The crime of misusing social security numbers associated with migrant workers is different than popularly presented, said Bacon. 12 million people work without immigration documents. People come here to work and need social security numbers. When they cannot obtain them through the proper channels, they make up, buy, or steal numbers. Social security puts money into a suspense fund if the number does not match up with worker using the number. The money from that suspense fund is used for the retirement plans and medical benefits of U.S. citizens. In other words, social security revenue generated by migrant workers actually benefits the retired generations of U.S. citizens, claimed Bacon.
Guest worker programs are a solution to the immigration swell proposed by many legislators claiming to be pro-immigration. Under these plans, employers would be allowed to recruit people and bring them to the United States. Under these programs however, workers cannot bring their families and are forced to leave if their job is terminated.
Walmart, Marriot Corporation, and other industries relying on immigrant labor have supported guest worker plans. The goal of these programs, said Bacon, is to convert the workforce into a controllable workforce in industries dependent on undocumented labor. Guest worker programs create a workforce tied to their employer without recourse to legal rights or political voice.
“Do we want immigration policy that recognizes people and their families or only people as workers,” Bacon asked.
Our focus, Bacon claimed, should be on the social status we want for people working in the United States. It determines the status of people when they are here, it does not dissuade or prevent people from coming here.

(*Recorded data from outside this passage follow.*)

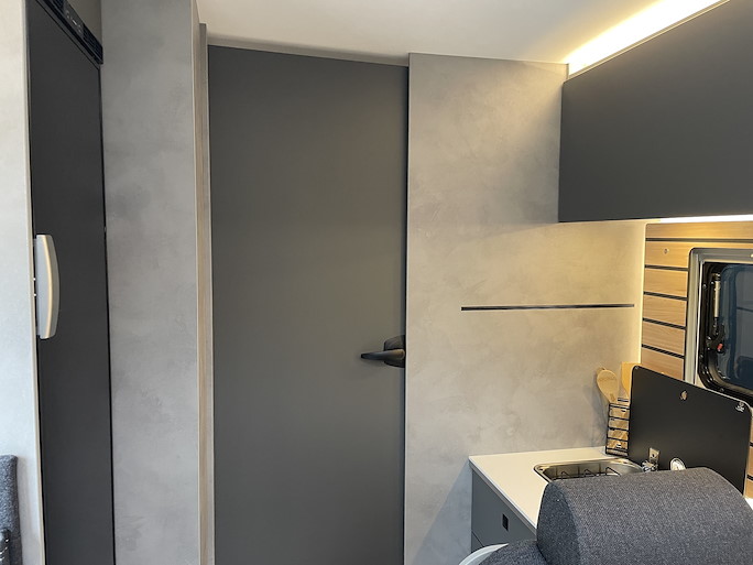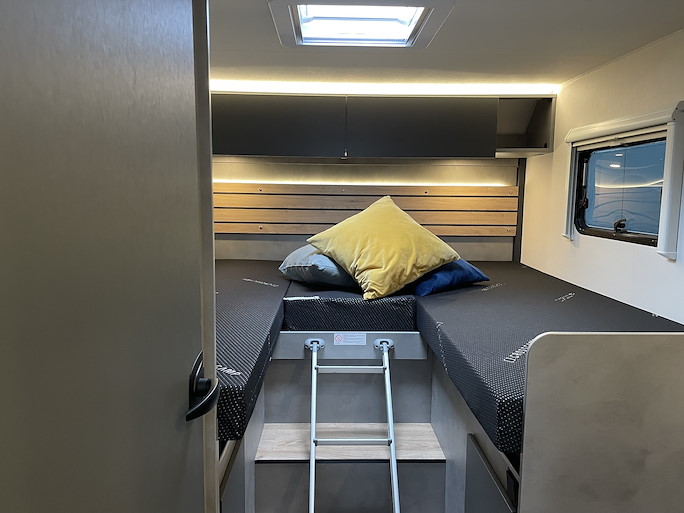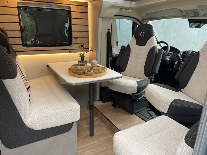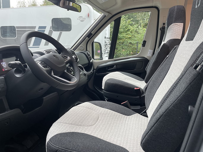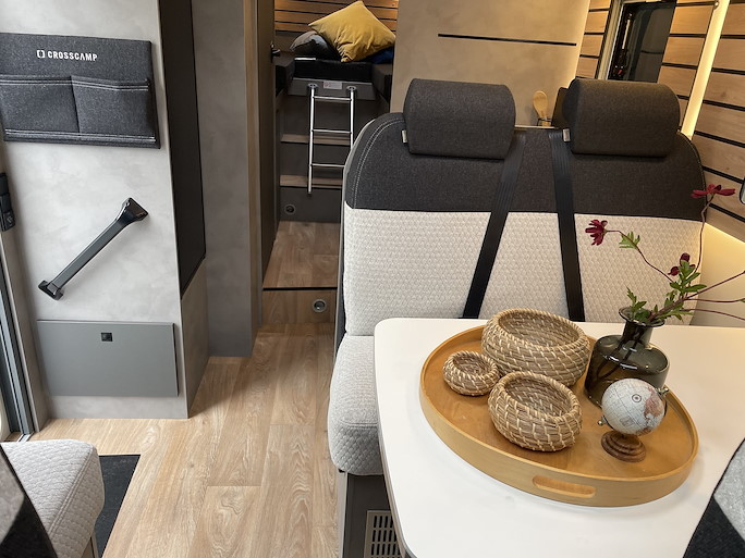 De Crosscamp EXPDN T7.4 E automaat is de meest ruime half-integraal camper met enkele bedden die we hebben. Het slaapgedeelte achterin is met een deur af te scheiden van het voorste deel van de camper. Deze indeling heeft 2 draaibare voorstoelen en kleine zijbank, zodat u ruim kunt zitten.
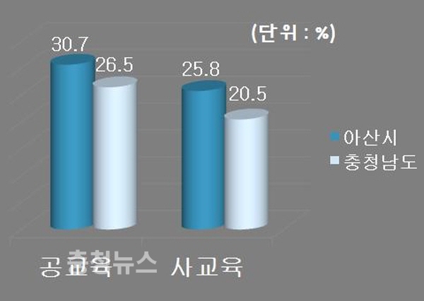 아산시 교육환경 만족도...공교육 30.7%, 사교육 25.8%
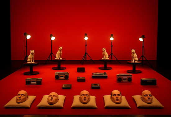 Una orquesta de voces, amplificada por antiguos radiograbadores, ensaya modos de supervivencia mientras un ejército de marionetas se pierde en el archipiélago de la vanidad.

When asked how best to deal with a predatory system of immigration policy Bacon responded, “Face the reality, don’t debate immigration policy on the one hand and then pass free trade agreements. I like a diversity of people but immigration should be a voluntary process. First we need to deal with the status of migrant workers. They need to have a status. We have to make it possible for people to come here legally and not cross the desert. We have to figure out an immigration policy that will allow people to come back and forth [across the U.S.- Mexico border] without fear of reprisal. We have to protect the rights of people.”